The Virgin of Clan Sinclair
Avon / May 27, 2014 / $7.99 print, $6.99 digital
Ellice Traylor has a secret. Beneath her innocent exterior beats an incredibly passionate and imaginative heart. She has been pouring all of her frustrated virginal fantasies into a scandalous manuscript. But when her plans for her future are about to be derailed by her mother's matrimonial designs, she takes matters into her own hands.
Ross Forster, the Earl of Gladsden, has spent his life creating order out of chaos. He expects discipline and calm from those around him. What he does not expect is a beautiful, thoroughly maddening stowaway in his carriage.
But when Ross discovers Ellice's secret book, he finds he can't stop thinking about what other fantasies the disarming virgin can dream up. He has the chance to learn when a compromising position forces them to wed. But can the uptight Earl survive a life with his surprising new wife? And how will the hero of Ellice's fantasies compare to the husband of her reality?
The Virgin of Clan Sinclair is the third book in Karen Ranney’s Clan Sinclair series but is structured as a standalone, an amusing heartfelt story that brings together an unconventional young woman determined to get out from underneath her mother’s thumb and a staid Earl who's trying to live down the reputation left by his father. Ranney crafts a delightful romance around two extremely personable characters whose actions hide the hurt buried deep within them.
I love romances that make me laugh and this one certainly did that.
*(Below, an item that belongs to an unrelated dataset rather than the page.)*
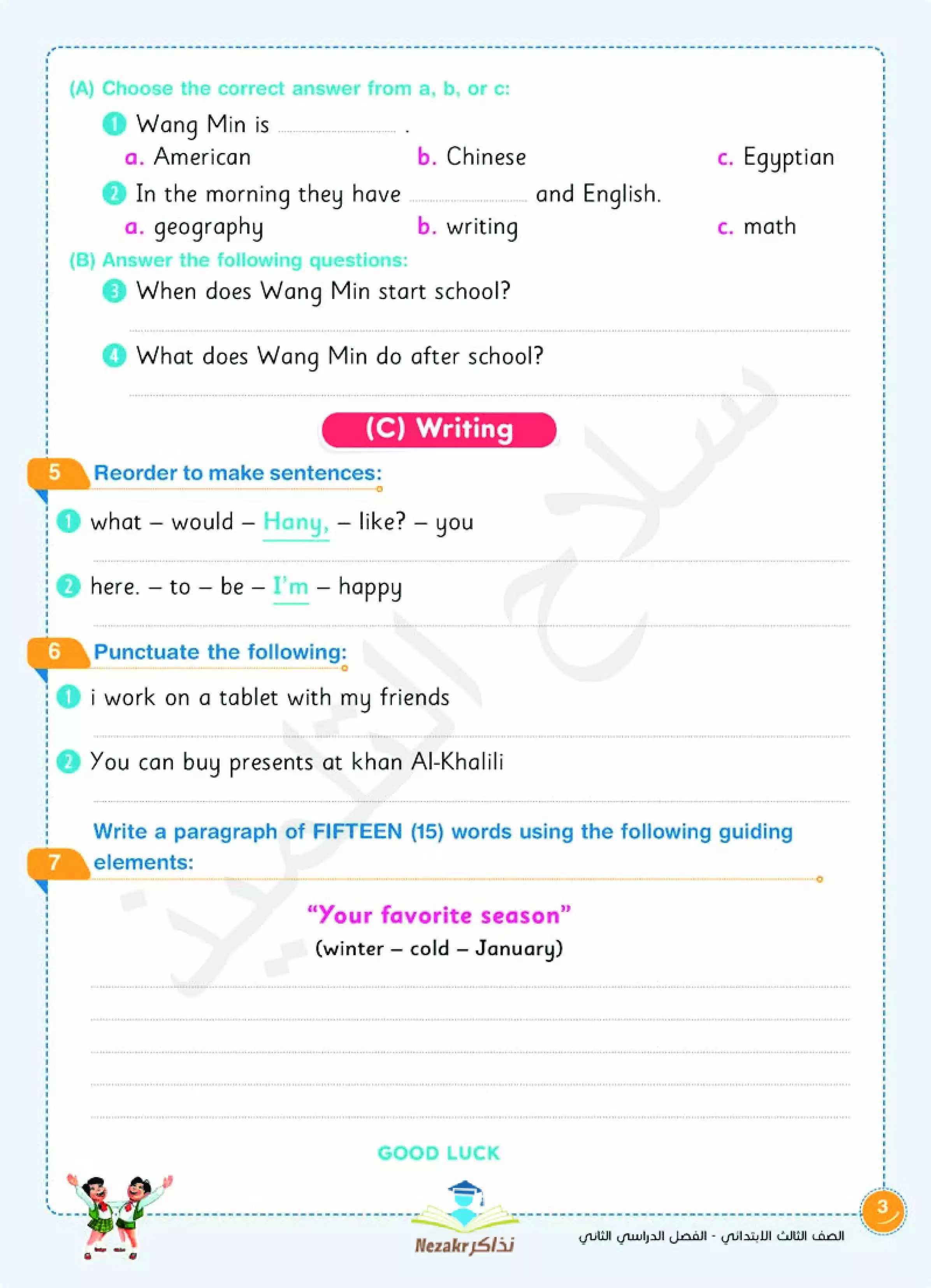 صفحة 3 من 22 صفحة من ملف: نماذج اختبارات سلاح التلميذ في الانجليزي Connect 3 للصف الثالث الابتدائي الفصل الدراسي الثاني - Nezakr
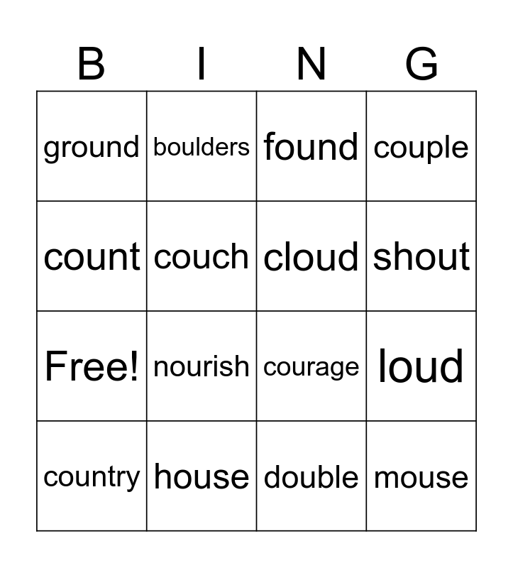 This bingo card has 20 words: loud, out, found, couple, country, count, house, ground, Free!, boulders, nourish, courage, couch, mouse, cloud, mouth, shout, couple, double and around.

Ellice is a breath of fresh air—a delightful heroine whose prim and proper facade hides a wonderful personality and dry wit. She is very intelligent, astute, and quite stubborn when she puts her mind to something. She drives Ross to madness and forces him to abandon his rigid control.
“You’re a very annoying female. I trust you will not continue to be so after our marriage.”
She put the pen down. “I’m very certain to be exactly the same way as I am now,” she said.
He glanced at her.
“Are you always so honest?”
She thought about it then ruefully shook her head. “No, but I feel compelled to tell you the truth. Why shouldn’t I? You’ll discover it yourself soon enough.”
Ross is a stickler for protocol.When his wife died, he reinvented himself and vowed nothing would stop him from cleansing the taint from the family name. Watching Ross fight his attraction for Ellice was both sad and frustrating; he judges her guilty for crimes others have committed and his actions leave her confused and hurt. His past has left him unable to completely trust anyone.
I warn you, I will not tolerate any deflecting maneuvers.” When she didn’t speak, he added, “If you’re involved in something illegal, it’s best to tell me now.”
She smiled at him, such a blazingly happy expression that he almost reared back. “You think I’m doing something illegal,” she said.
He slowly nodded.
“No one has ever thought I was doing anything illegal. I have conformed to the letter of every rule and regulation for the extent of my life.”
“You really shouldn’t look so pleased to be thought of as a law breaker. There are rules and regulations to limit human behavior for a reason.”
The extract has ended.